Available data:
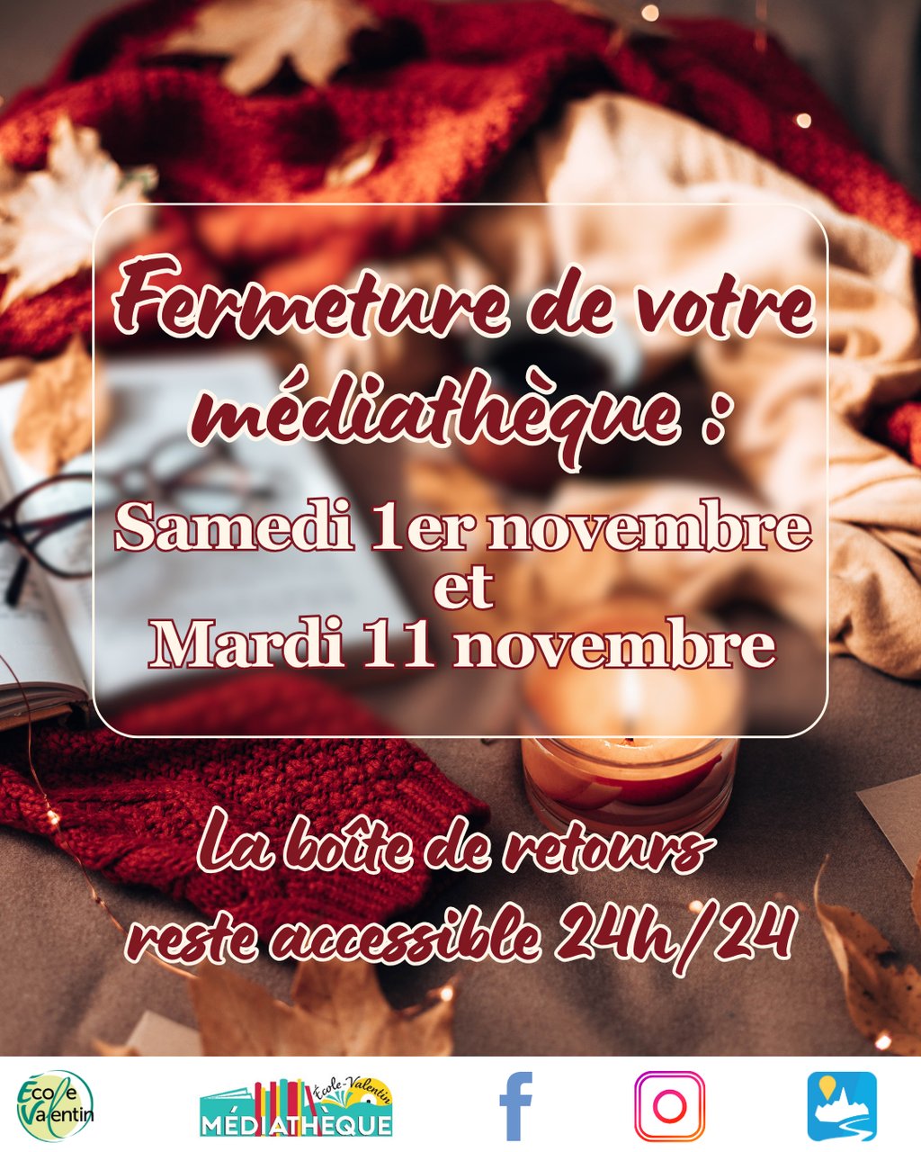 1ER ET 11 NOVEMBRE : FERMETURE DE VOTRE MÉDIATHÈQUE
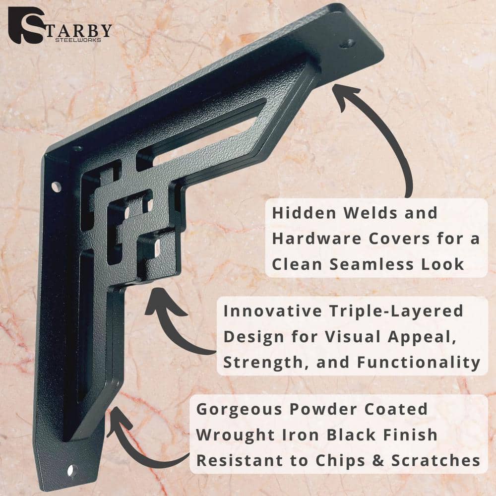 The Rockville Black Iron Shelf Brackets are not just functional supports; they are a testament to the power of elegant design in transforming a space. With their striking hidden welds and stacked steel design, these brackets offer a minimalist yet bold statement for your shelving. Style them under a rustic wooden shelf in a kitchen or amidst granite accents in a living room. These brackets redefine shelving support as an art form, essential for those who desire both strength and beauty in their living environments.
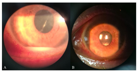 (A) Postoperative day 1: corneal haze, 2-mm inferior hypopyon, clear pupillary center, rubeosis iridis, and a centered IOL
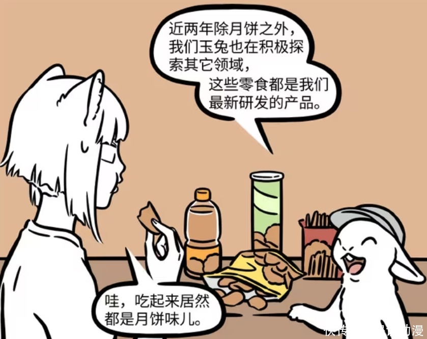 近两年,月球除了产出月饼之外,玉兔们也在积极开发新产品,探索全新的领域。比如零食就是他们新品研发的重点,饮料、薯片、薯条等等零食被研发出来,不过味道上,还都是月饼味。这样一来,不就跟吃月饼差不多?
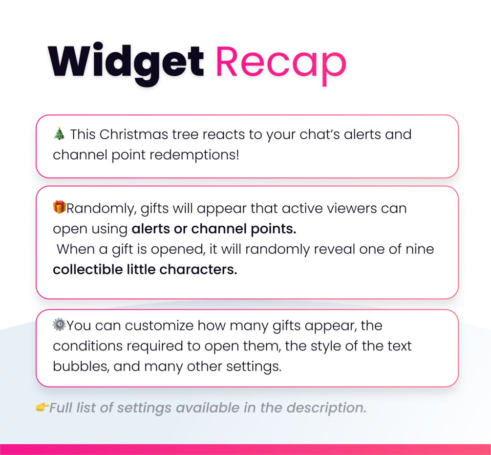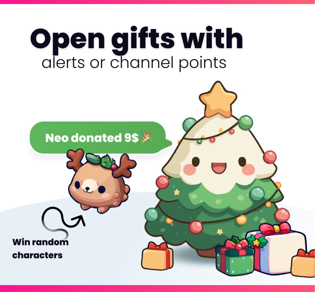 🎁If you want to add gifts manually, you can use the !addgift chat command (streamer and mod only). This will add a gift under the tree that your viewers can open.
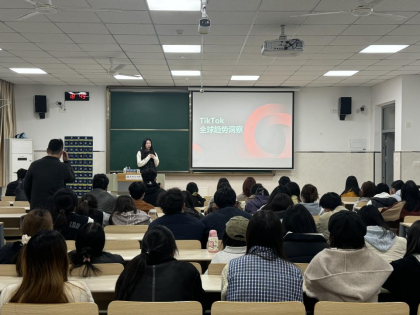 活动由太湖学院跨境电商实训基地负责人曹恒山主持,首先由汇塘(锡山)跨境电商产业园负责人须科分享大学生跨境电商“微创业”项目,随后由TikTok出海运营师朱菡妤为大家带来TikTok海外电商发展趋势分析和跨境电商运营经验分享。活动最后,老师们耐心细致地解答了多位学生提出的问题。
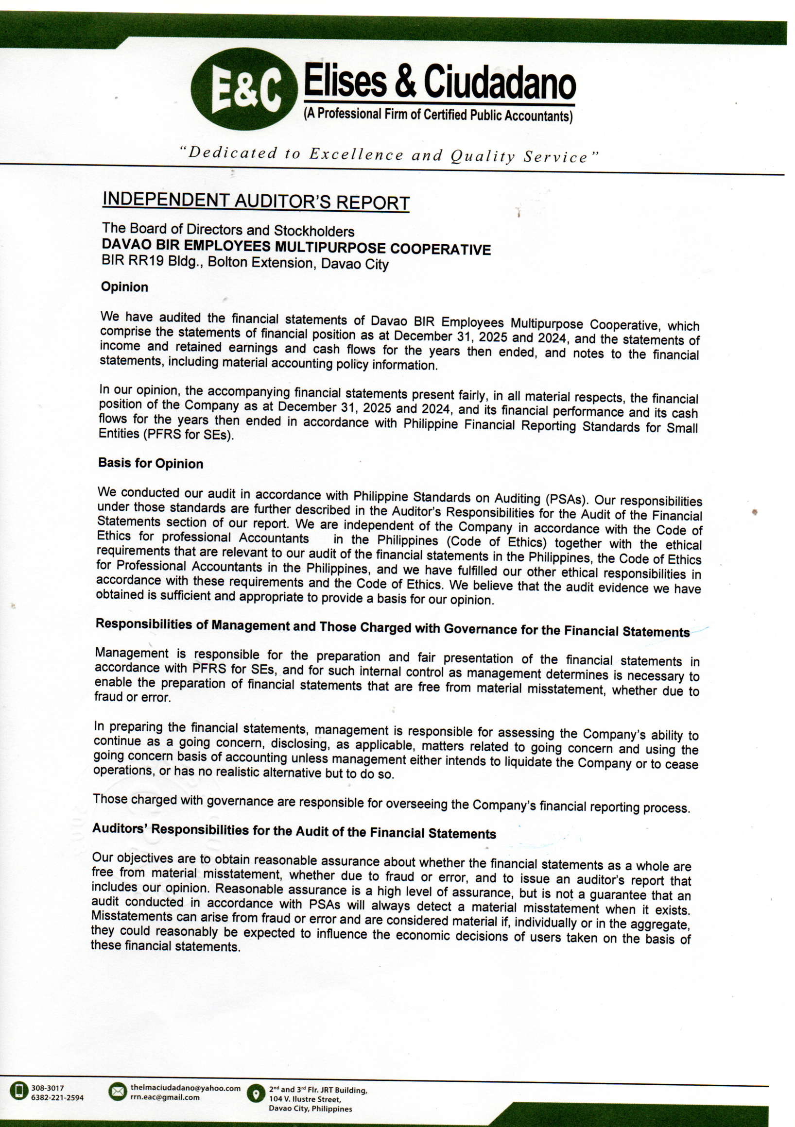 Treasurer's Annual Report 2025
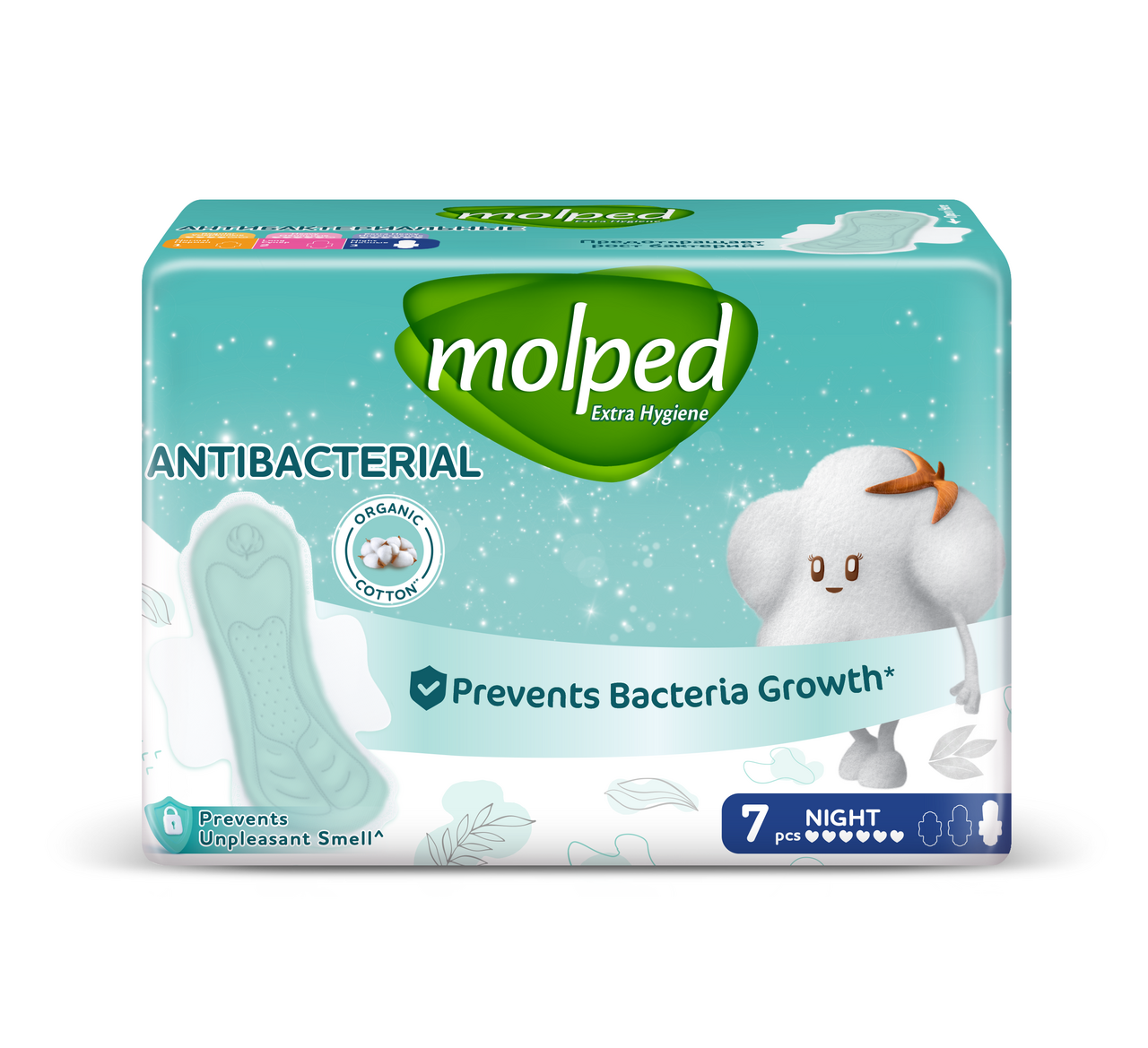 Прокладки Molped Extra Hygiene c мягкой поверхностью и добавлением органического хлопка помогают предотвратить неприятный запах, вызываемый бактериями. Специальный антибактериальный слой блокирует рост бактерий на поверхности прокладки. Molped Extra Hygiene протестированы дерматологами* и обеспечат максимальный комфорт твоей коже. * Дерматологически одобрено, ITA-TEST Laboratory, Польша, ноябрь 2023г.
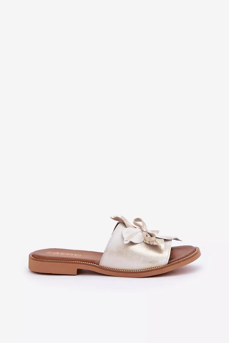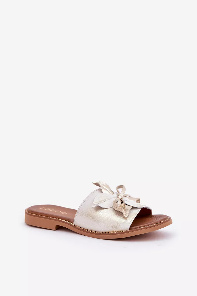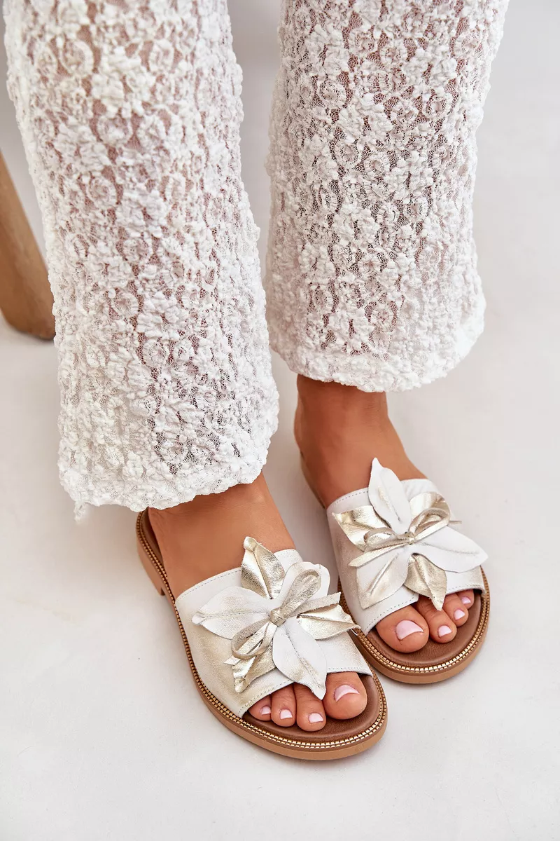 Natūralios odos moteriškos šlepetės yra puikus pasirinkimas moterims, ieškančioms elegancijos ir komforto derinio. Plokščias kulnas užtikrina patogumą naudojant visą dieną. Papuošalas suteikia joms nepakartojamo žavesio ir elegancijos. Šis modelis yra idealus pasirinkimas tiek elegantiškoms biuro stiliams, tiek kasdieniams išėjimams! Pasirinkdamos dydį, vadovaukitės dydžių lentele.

What the exercise asks:
Output should consist of the lines above from the one with "近两年,月球除了产出月饼之外" down to the one with "viewers can open.", exact and without pictures.

Answer:
 近两年,月球除了产出月饼之外,玉兔们也在积极开发新产品,探索全新的领域。比如零食就是他们新品研发的重点,饮料、薯片、薯条等等零食被研发出来,不过味道上,还都是月饼味。这样一来,不就跟吃月饼差不多?
 🎁If you want to add gifts manually, you can use the !addgift chat command (streamer and mod only). This will add a gift under the tree that your viewers can open.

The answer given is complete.